Instructions to follow
Apart from the images, every record below must be given again without alteration.

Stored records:
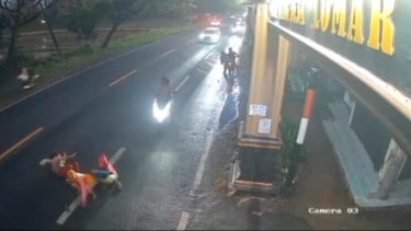 Saat motor yang ditumpangi tiga perempuan itu mulai memasuki badan jalan, tabrakan pun tak terhindarkan. Benturan keras membuat seluruh pengendara terpental. Sepeda motor yang dikendarai tiga emak-emak bahkan terseret hingga sekitar lima meter dari titik awal tabrakan, sementara para korban terjatuh dan berguling di aspal.
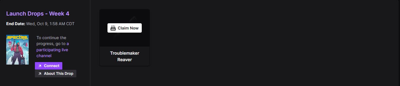 This specific Twitch Drop is only available until 11:58 a.m. PT on October 9. Then it goes away and we can probably expect a new reward. So, here are the easy steps to take in order to obtain the Troublemaker Reaver skin for Spectre Divide from Twitch Drops:
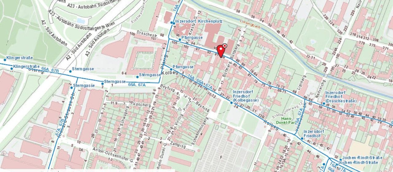 Die öffentliche Verkehrsanbindung ist ausgezeichnet, die Buslinie 66A Richtung Wien Liesing - Reumannplatz ist keine 2 Gehminuten entfernt, sowie in 2 Fahrminuten die Auffahrt A2 Knoten Inzersdorf erreichbar ist.
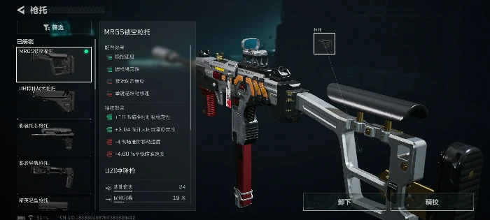 枪托选MRGS镂空枪托,降低开镜移速和腰射精度,提升操控速度和据枪稳定性,综合收益高。
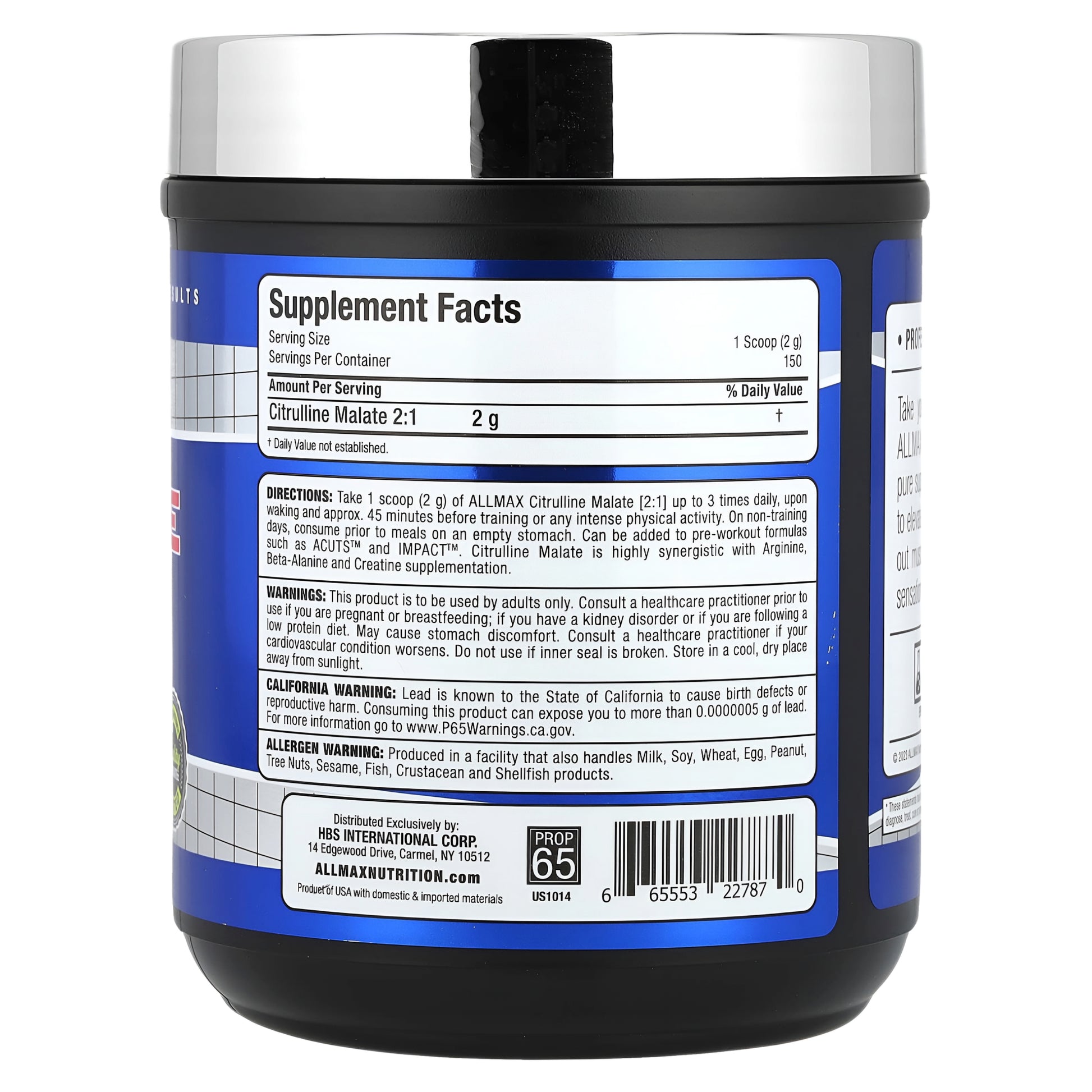 Take 1 scoop (2 g) of ALLMAX Citrulline Malate [2:1] up to 3 times daily, upon waking and approx. 45 minutes before training or any intense physical activity.
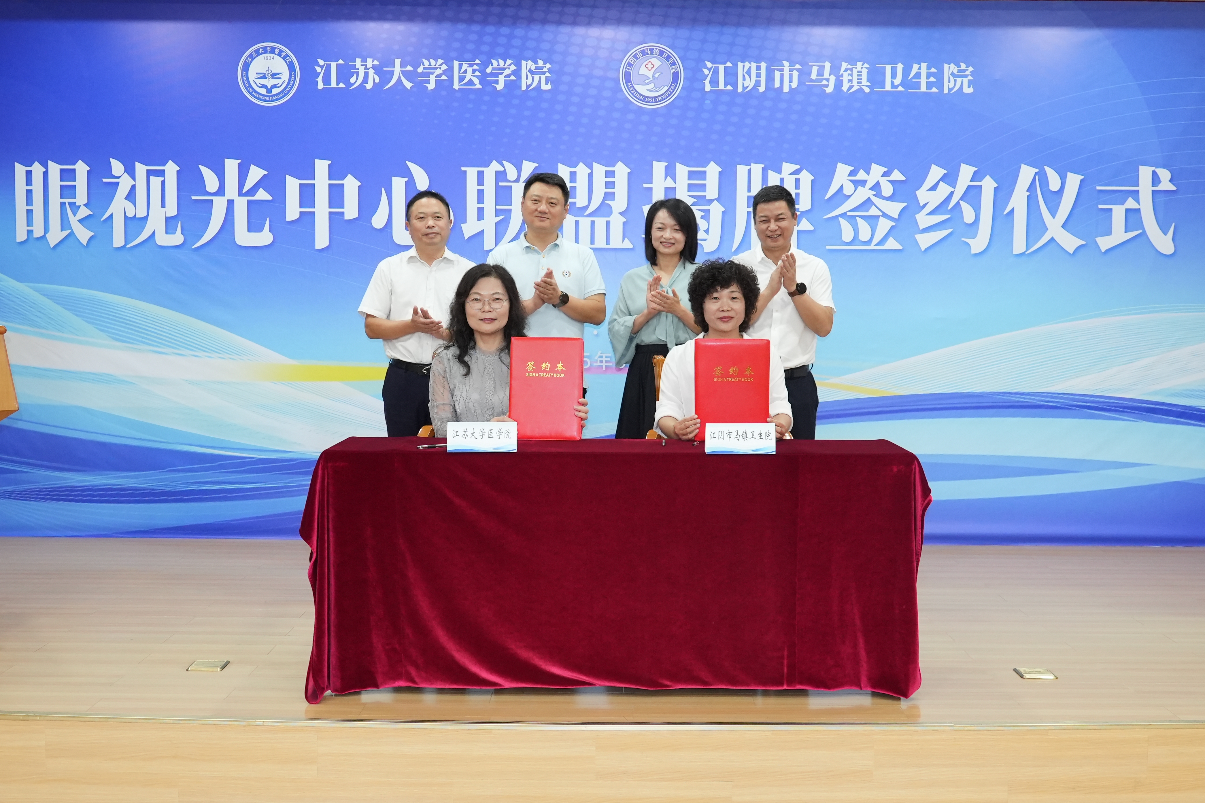 ▲江蘇大學(xué)醫(yī)學(xué)院黨委副書(shū)記、副院長(zhǎng)莊蕾與江陰市馬鎮(zhèn)衛(wèi)生院黨支部書(shū)記、院長(zhǎng)閆慧敏共同簽署眼視光中心聯(lián)盟合作協(xié)議。

Response
 Saat motor yang ditumpangi tiga perempuan itu mulai memasuki badan jalan, tabrakan pun tak terhindarkan. Benturan keras membuat seluruh pengendara terpental. Sepeda motor yang dikendarai tiga emak-emak bahkan terseret hingga sekitar lima meter dari titik awal tabrakan, sementara para korban terjatuh dan berguling di aspal.
 This specific Twitch Drop is only available until 11:58 a.m. PT on October 9. Then it goes away and we can probably expect a new reward. So, here are the easy steps to take in order to obtain the Troublemaker Reaver skin for Spectre Divide from Twitch Drops:
 Die öffentliche Verkehrsanbindung ist ausgezeichnet, die Buslinie 66A Richtung Wien Liesing - Reumannplatz ist keine 2 Gehminuten entfernt, sowie in 2 Fahrminuten die Auffahrt A2 Knoten Inzersdorf erreichbar ist.
 枪托选MRGS镂空枪托,降低开镜移速和腰射精度,提升操控速度和据枪稳定性,综合收益高。
 Take 1 scoop (2 g) of ALLMAX Citrulline Malate [2:1] up to 3 times daily, upon waking and approx. 45 minutes before training or any intense physical activity.
 ▲江蘇大學(xué)醫(yī)學(xué)院黨委副書(shū)記、副院長(zhǎng)莊蕾與江陰市馬鎮(zhèn)衛(wèi)生院黨支部書(shū)記、院長(zhǎng)閆慧敏共同簽署眼視光中心聯(lián)盟合作協(xié)議。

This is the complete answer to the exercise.